A União Soviética e as crianças de rua

Crianças mais violentas já foram tratadas como criminosas, mas diversas iniciativas, como pagamento de salários a famílias que as adotassem, ajudaram a erradicar completamente o problema das crianças sem teto em determinados períodos.

A crise das crianças de rua foi um dos problemas sociais mais graves dos primeiros anos de governo soviético. As autoridades a resolveram criando uma infraestrutura social para ajudar as crianças a se readaptarem à vida normal.

O número de crianças de rua nas cidades russas cresceu drasticamente devido à Primeira Guerra Mundial , à Guerra Civil e à fome subsequente a essas.

No início da década de 1920, o número de crianças de rua na URSS chegou aos 6 ou 7 milhões, e o problema tornou-se tão sério que Vladímir Lênin tomou responsabilidade pessoal por ele.

Em 1928, o governo soviético decidiu endurecer quanto ao problema. Na noite de 12 de abril, a polícia e o Diretório Político Unificado do Estado, ou seja, a polícia secreta soviética, lançaram uma operação em larga escala para recolher as crianças sem teto do país. As crianças foram levadas a força para abrigos temporários e tropas em grandes cidades impediam que elas escapassem para as florestas e zonas rurais.

As crianças mais endurecidas pela vida nas ruas resistiam ferozmente. Elas quebravam janelas, portas, brigavam com os guardas, escapavam dos abrigos sozinhas ou em bandos. A polícia respondia tratando as crianças violentas como criminosos.

As crianças sem teto mais dóceis eram colocadas em abrigos e orfanatos, recebiam educação, trabalho e se tornavam membros do movimento comunista jovem dos pioneiros, análogo ao dos escoteiros.

Famílias eram incentivadas a adotar crianças sem teto, e recebiam por isso pagamentos fixos. Essas medidas tomadas pela liderança soviética tiveram tanto êxito que em 1935 declarou-se vitória na crise das crianças de rua.

Nas décadas de 1920 e 1930 foram organizadas para crianças sem teto comunidades especiais onde elas podiam trabalhar, estudar e tomar decisões por si próprias por meio de um autogoverno. O notável pedagogo soviético Antôn Makarenko, que trabalhou em uma dessas comunidades, contribuiu enormemente no auxílio para que as crianças de rua se readaptassem à sociedade.
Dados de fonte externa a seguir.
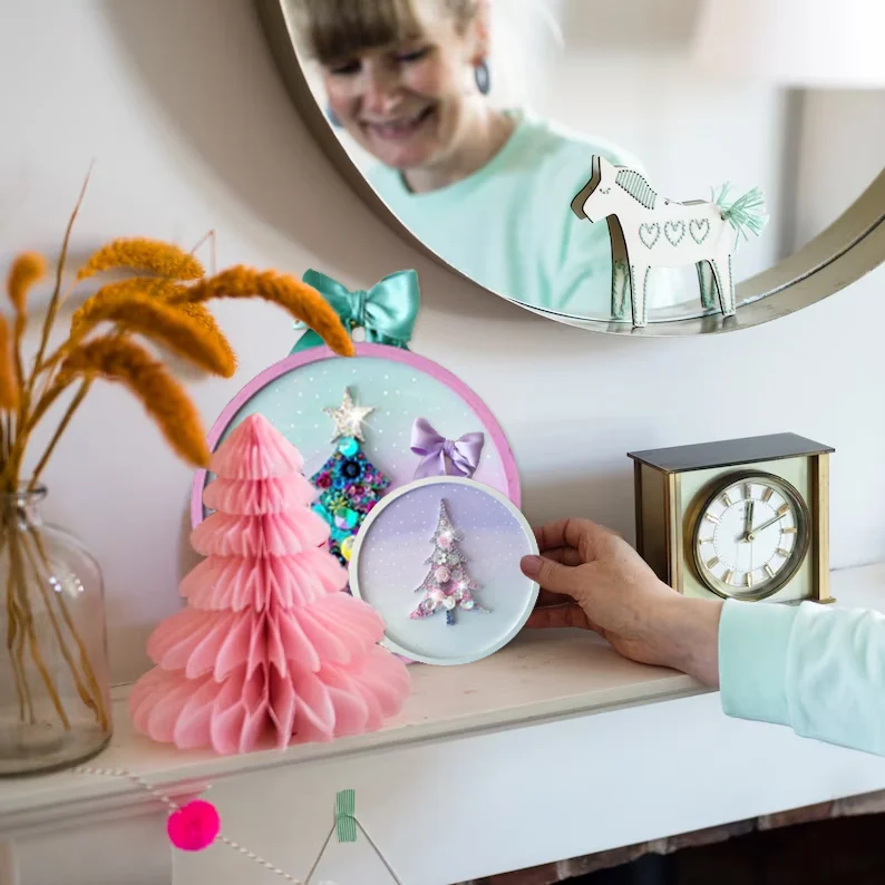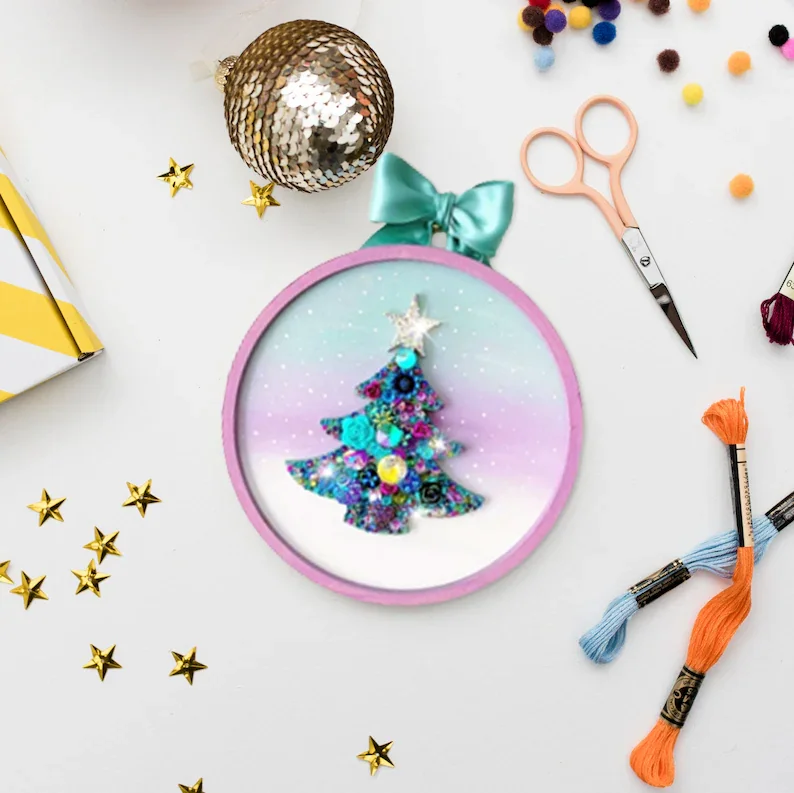 This fun Christmas kit is perfect for craft lovers and embroidery, sewing enthusiasts. For starters, a helpful Christmas tree decorating instruction booklet is included, which will guide you through things like how to set up the hoop, choose your favorite beads, small buttons and more, let your imagination run wild!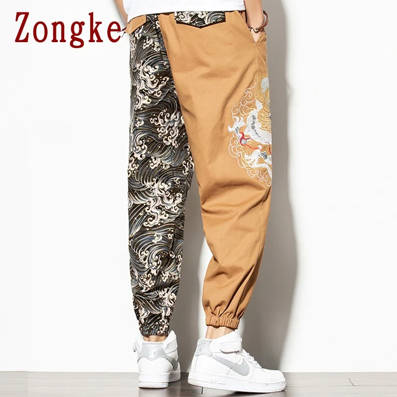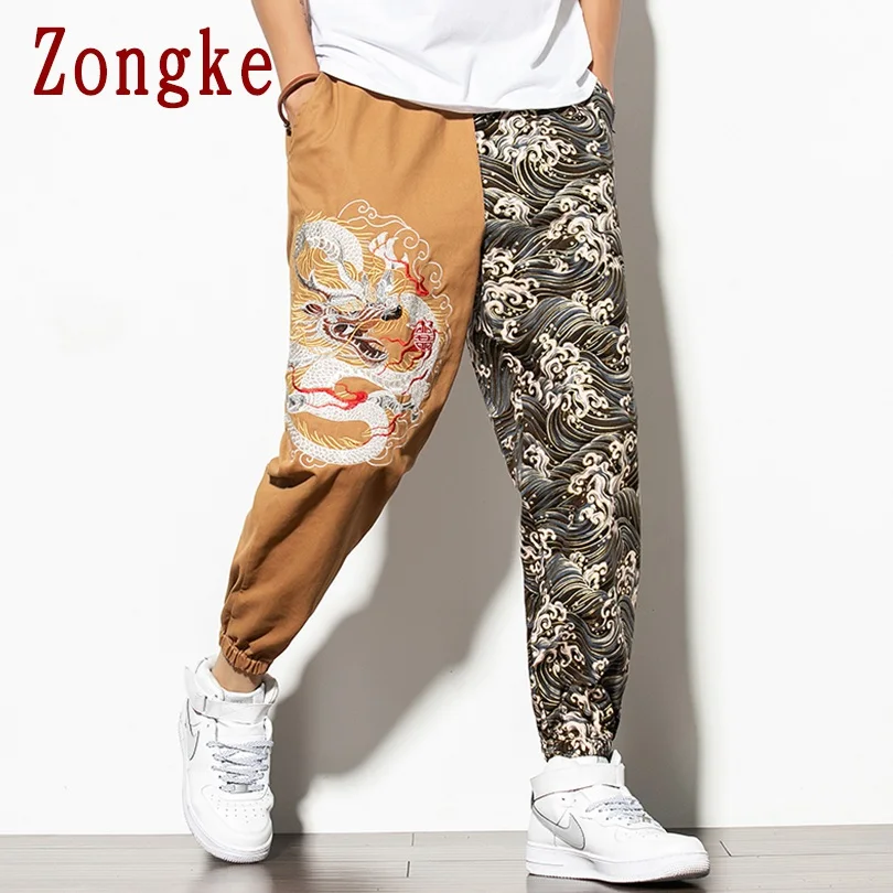 Шаровары Zongke с вышивкой дракона, мужские джоггеры, мужские брюки, Корейская уличная одежда, мужские повседневные брюки в стиле хип-хоп, модель 2022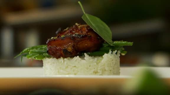 Déposer un emporte-pièce dans une assiette, remplir l'espace de riz puis retirer l'emporte-pièce. Déposer quelques haricots verts sur le riz et surmonter d'un ou deux hauts de cuisse. Répéter pour les autres assiettes et servir.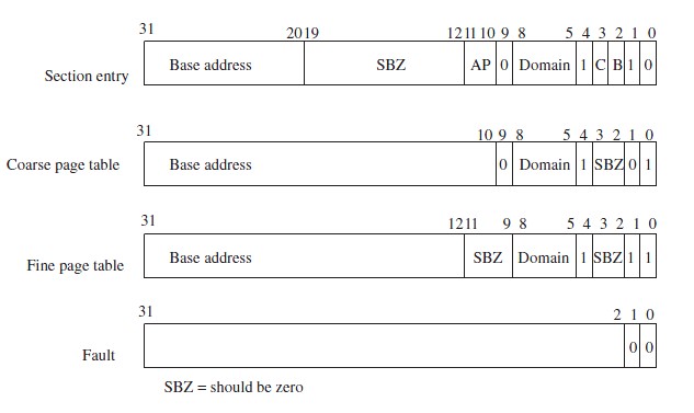 ARM MMU硬件采用2级页表结构:一级页表(L1)和二级页表(L2)。一级页表只有一个L1主页表(L1 master page table)。L1主页表包含两种类型的页表项:保存指向二级页表起始地址指针的页表项和保存用于转换1MB段的页表项。L1主页表也称为段页表(section page table)。L1主页表将4GB的地址空间划分为多个1MB的段(section),因此L1页表包含4096个页表项,L1主页表是一个混合表,可作为L2页表的页目录,也可作为用于转换1MB虚拟空间的L2粗(coarse)页表或L2细(fine)页表的指针;当L1页表用于转换一个1MB的段时,其页表项(PTE)包含的是物理存储器中1MB页帧(page frame)的首地址。目录页表项和1MB的段页表项可以共存于L1主页表。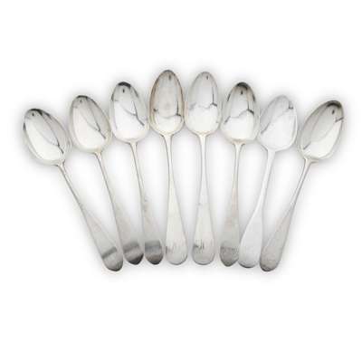 marked NG, ABD, of Celtic point pattern, engraved italic initials to terminal; together with another pair, Robert Keay, Edinburgh 1805, and another Charles Fowler, marked CF, ELGIN, *, all of Old English pattern, engraved initials to terminal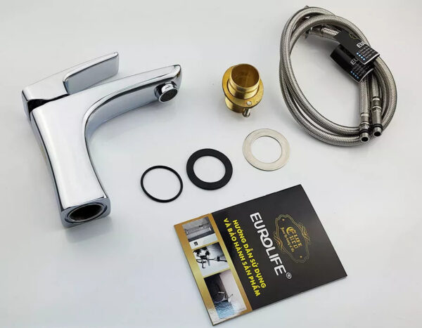 Bộ sản phẩm đầy đủ bao gồm : 1- Thân vòi Lavabo 2- Bộ 2 dây Inox SUS 304, 1 bát lắp đặt, 2 roong cao su 3- Sách hướng dẫn sử dụng kèm thẻ bảo hành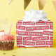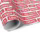 Um papel de embrulho com palavras de Natal. O padrão apresenta as palavras 'Feliz Natal', 'Hohoho', 'Papais noeis', 'Paz', 'Celebrar', 'Joy', 'Felizes Feriados' e 'Amor' em vermelho e branco. Personalize a cor de fundo, o tamanho do padrão entre outras opções.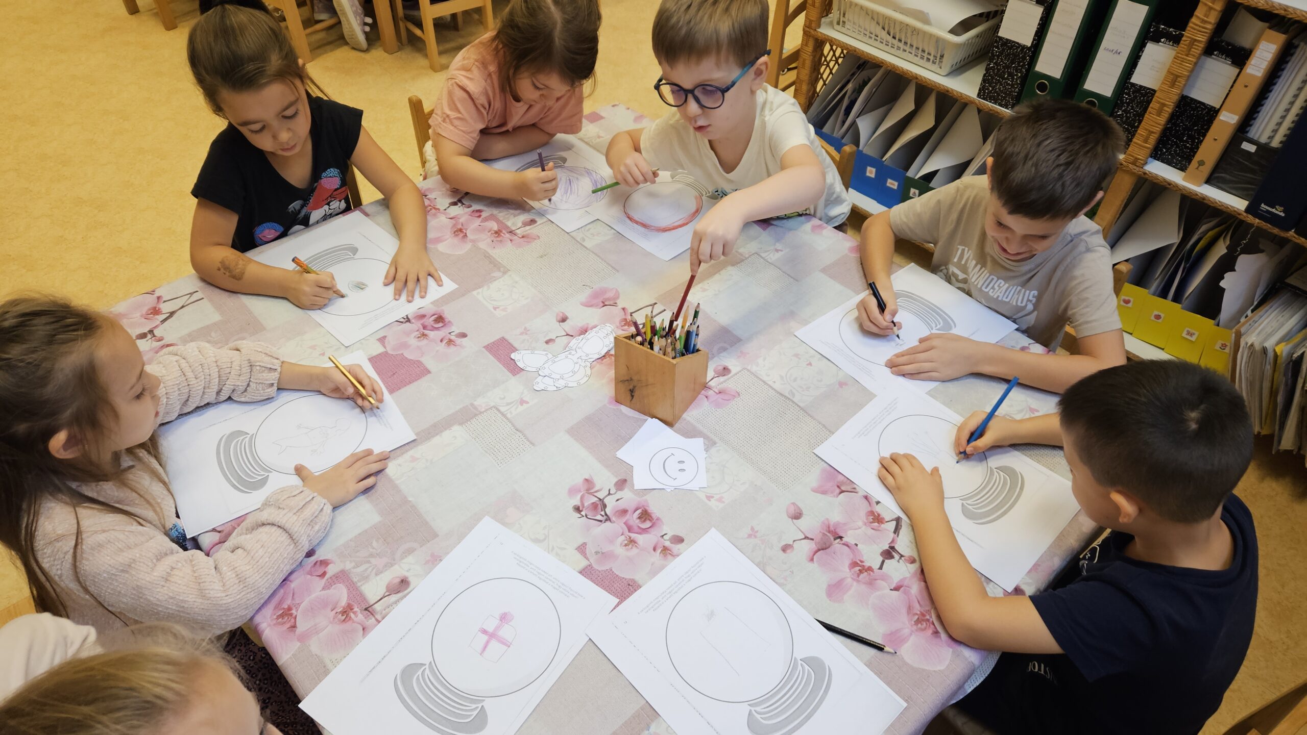 Boldog Dóra most egyik kedvenc meséjük közül hozott egyet: Bogyó és Babóca Nyári meséjét a Palacsintasütést. A mese után Bagdi Bella dalát hallgatva (Pozitív gyerek vagyok…) elkészítették a gyerekek a varázsszemüvegeket, illetve a varázsgömbbe lerajzolták, amit nagyon szeretnének, hogy valóra váljon.
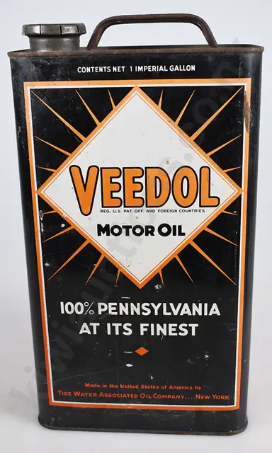 Veedol Oil Tins Left to right, 300mm tall Veedol Motor Oil, 1 Imperial gallon, 100% Pennsylvania At Its Finest, Made In The United States Of America by Tide Water Associated Oil Company.... New York, surface rust, light scratches and wear, minor dints, Very Good 8/10 plus 245mm tall, Veedol Motor Oil, From Refinery To Consumer, 1 Imperial gallon, Made In The United States Of America by Tide Water Associated Oil Company, Packed In New Zealand By Simms Jones Ltd, needs a clean, died oil over sections, light surface rust, light scratches and wear, minor dints, Good 7/10 plus 142mm tall Veedol Motor Oil, 1 Liquid U.S. Quart, 100% Pennsylvania, Made In The United States Of America by Tide Water Associated Oil Company, New York, tear top that's been opened, light surface rust, minor scratches, Very Good 8/10 (3)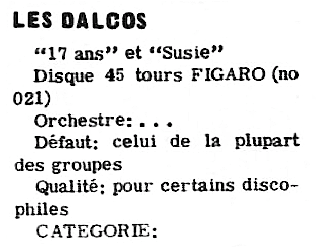 Les Dalcos ont enregistré en tout six chansons: les deux dernières ne seront jamais éditées. Ils ont tout de même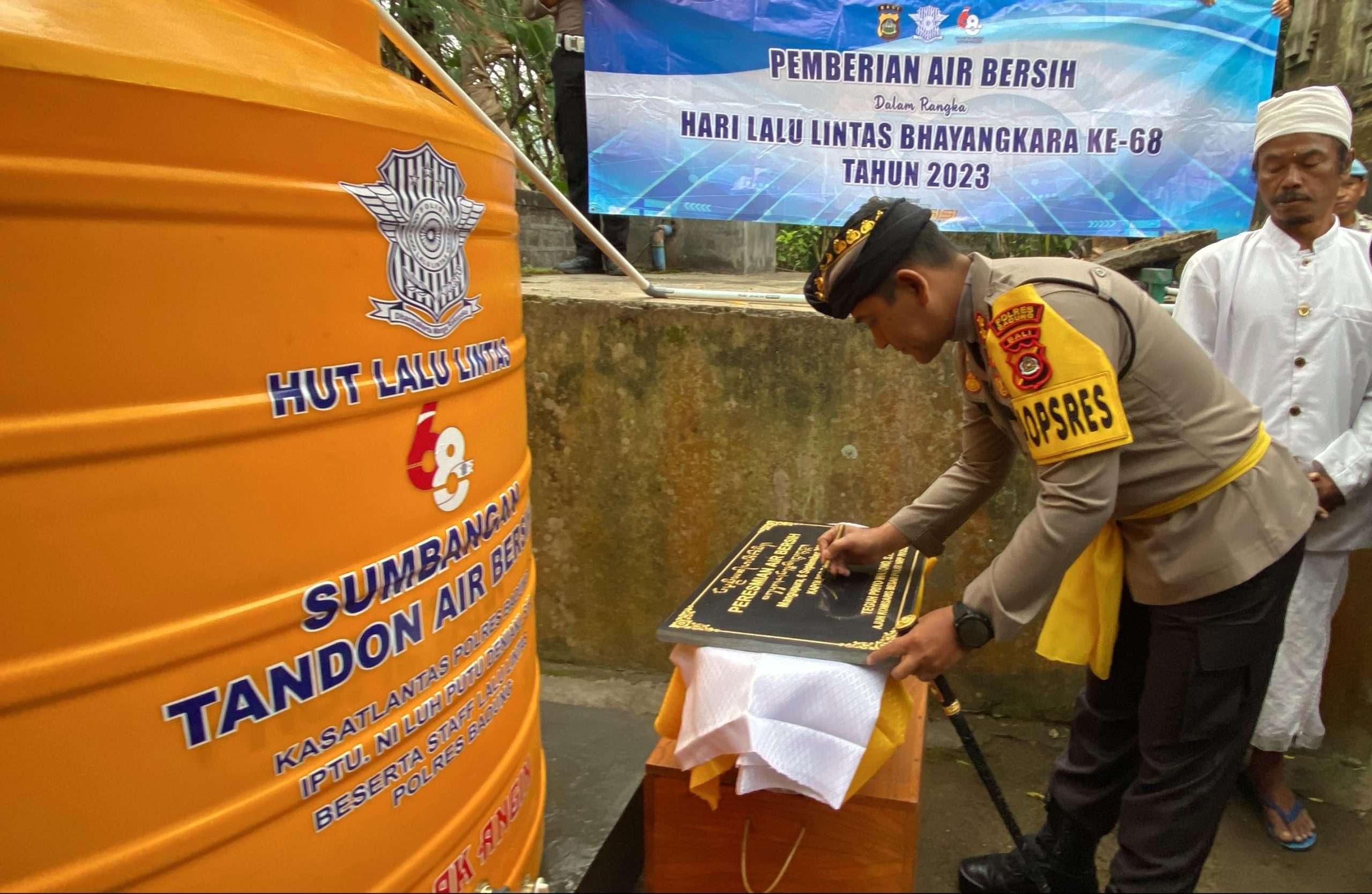 Dalam rangka memperingati Hari Ulang Tahun (HUT)  Lalulintas ke 68 tahun 2023, Kepala Kepolisian Resor Badung AKBP Teguh Priyo Wasono, SIK menyerahkaan bantuan Tandon/ Bak Air Minum isian 1800 liter di Pura Penataran Pucak Mangu, Br.Tinggan, Desa Pelaga, Kecamatan Petang, Kabupaten Badung, Bali. Rabu, (6/9/2023) pagi 08.25 WITA.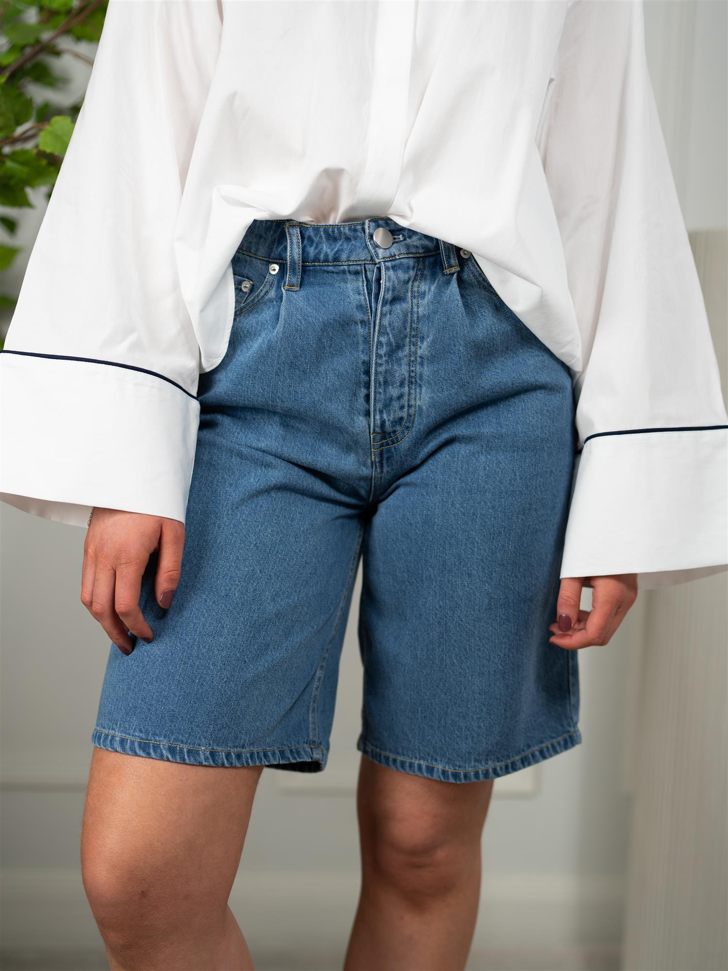 Shortsen har et klassisk femlommersdesign, beltehemper i linningen og lukkes med knapp og glidelås i front. Den tidløse denimvasken gjør den enkel å style til sesongens garderobe. Perfekt å kombinere med en enkel T-skjorte, en lett topp eller en skjorte for et stilrent og kledelig sommerantrekk.

As crianças sem teto reapareceram nas ruas russas no começo da Segunda Guerra Mundial. Durante os caóticos anos iniciais da guerra, muitas crianças perderam os pais, assim como a atenção e os cuidados do governo. Como resultado, várias partiram para o crime para sobreviver. De 1941 a 1944, o número de crimes cometidos por crianças de rua quase triplicou. A polícia ficou responsável por programas de reabilitação e educação para crianças de rua, e as que se tornaram indomáveis demais pelos anos no crime foram enviadas a centros de detenção juvenil.

As condições guiando a qualidade do tratamento dispensado a crianças de rua melhoraram com o final da Segunda Guerra. O governo soviético gastou quantias enormes para construir orfanatos e jardins de infância, além de centros de artesanato que mantinham as crianças de rua ocupadas com trabalho.

Diversas instituições públicas focaram na socialização dos órfãos e das crianças de rua e faziam diversas checagens para monitorar como as crianças adotadas estavam se adaptando à vida em família e, se possível, evitar fugas das novas casas.

O sistema soviético não tentava subjugar as crianças sem teto fazendo-as lembrar do passado na rua. O objetivo do governo era reabilitar e transformar essas crianças em membros construtivos da sociedade.

O esforço amplamente exitoso da União Soviética em reduzir o número de crianças de rua foi alcançado com criação de um programa de reabilitação eficiente. Infelizmente, com o colapso da União Soviética, a crise econômica subsequente nos anos 1990 e o amplo abuso de drogas e álcool que se instaurou na Rússia moderna, o país presenciou um aumento no número de crianças sem teto.